Task details
Copy out exactly the lines from the one containing "자신의 소득기준을 알고" to the last line of the records below, both included, and leave out any pictures.

Listed records
□ □ □ □

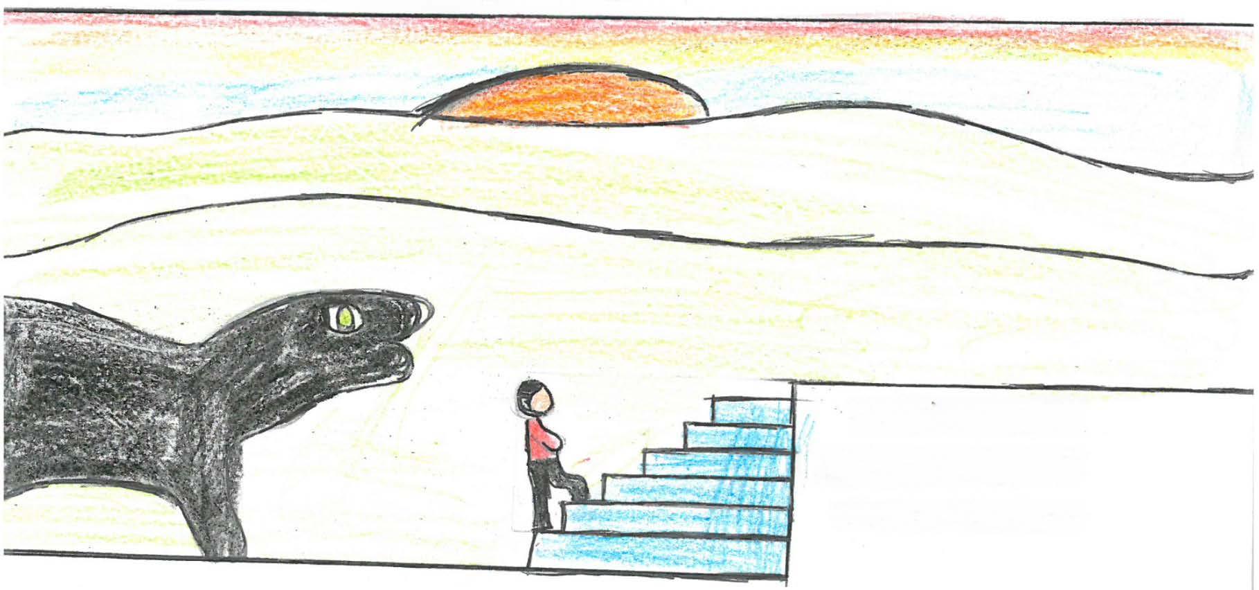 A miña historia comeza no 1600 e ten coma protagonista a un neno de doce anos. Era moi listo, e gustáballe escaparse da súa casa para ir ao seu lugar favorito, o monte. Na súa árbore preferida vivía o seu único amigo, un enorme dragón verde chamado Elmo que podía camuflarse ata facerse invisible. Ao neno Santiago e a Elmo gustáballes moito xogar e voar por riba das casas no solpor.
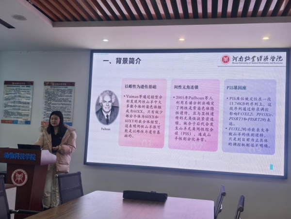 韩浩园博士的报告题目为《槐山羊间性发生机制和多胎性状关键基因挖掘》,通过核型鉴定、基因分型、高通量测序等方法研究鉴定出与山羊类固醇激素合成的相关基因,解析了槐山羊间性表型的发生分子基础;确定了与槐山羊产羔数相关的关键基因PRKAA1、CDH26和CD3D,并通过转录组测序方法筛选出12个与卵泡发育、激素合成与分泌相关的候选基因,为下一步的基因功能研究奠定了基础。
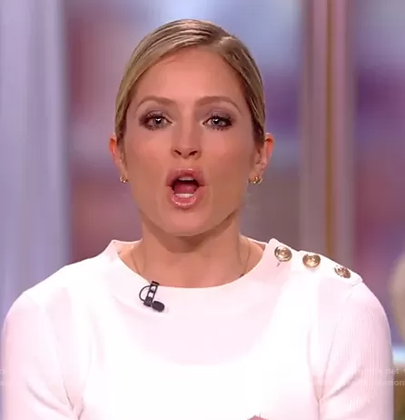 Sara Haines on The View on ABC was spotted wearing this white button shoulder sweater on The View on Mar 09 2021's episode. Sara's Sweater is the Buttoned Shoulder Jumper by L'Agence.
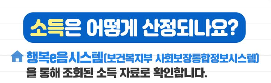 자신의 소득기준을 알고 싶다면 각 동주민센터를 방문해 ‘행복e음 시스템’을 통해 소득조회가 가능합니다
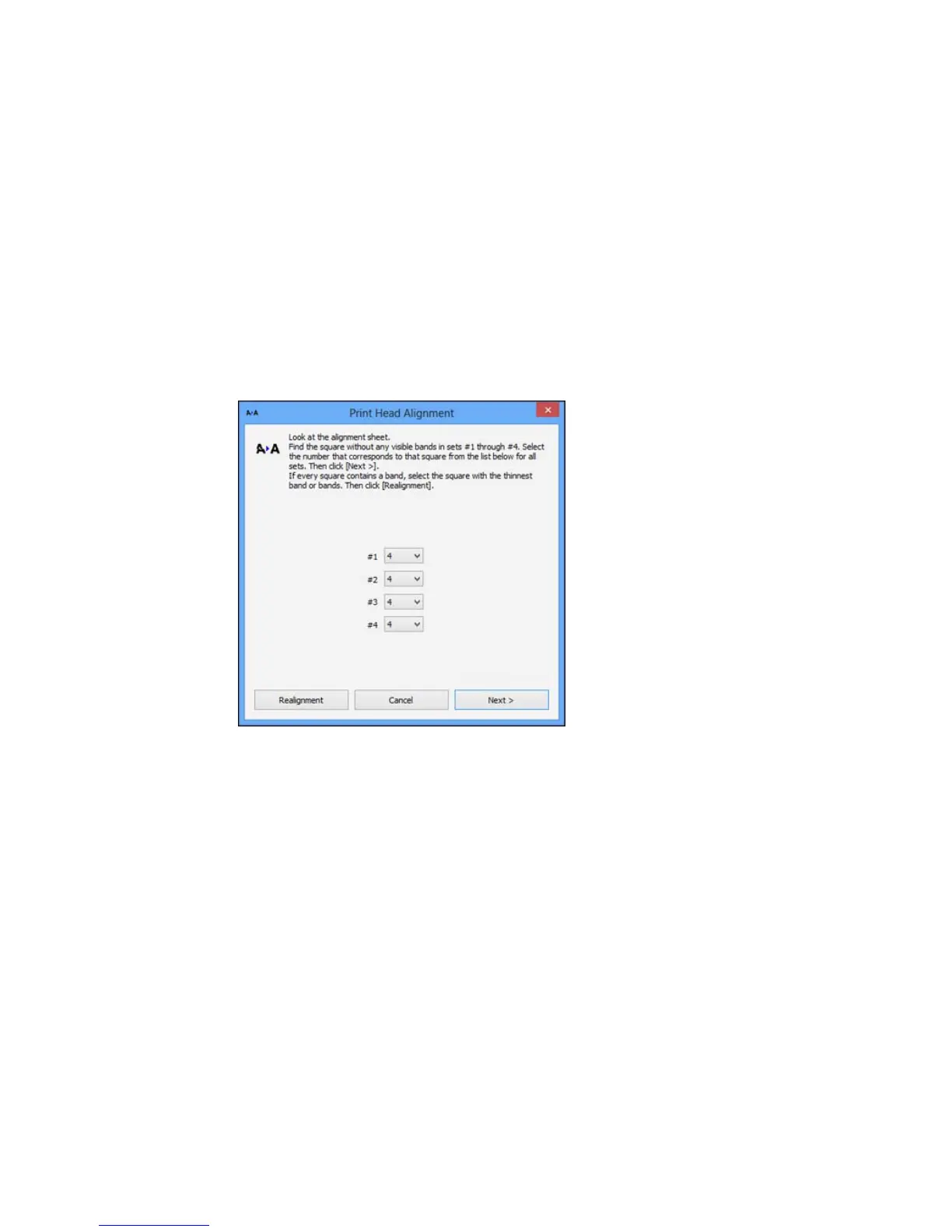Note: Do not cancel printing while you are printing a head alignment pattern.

□ □ □ □

Result for this exercise
 자신의 소득기준을 알고 싶다면 각 동주민센터를 방문해 ‘행복e음 시스템’을 통해 소득조회가 가능합니다
Note: Do not cancel printing while you are printing a head alignment pattern.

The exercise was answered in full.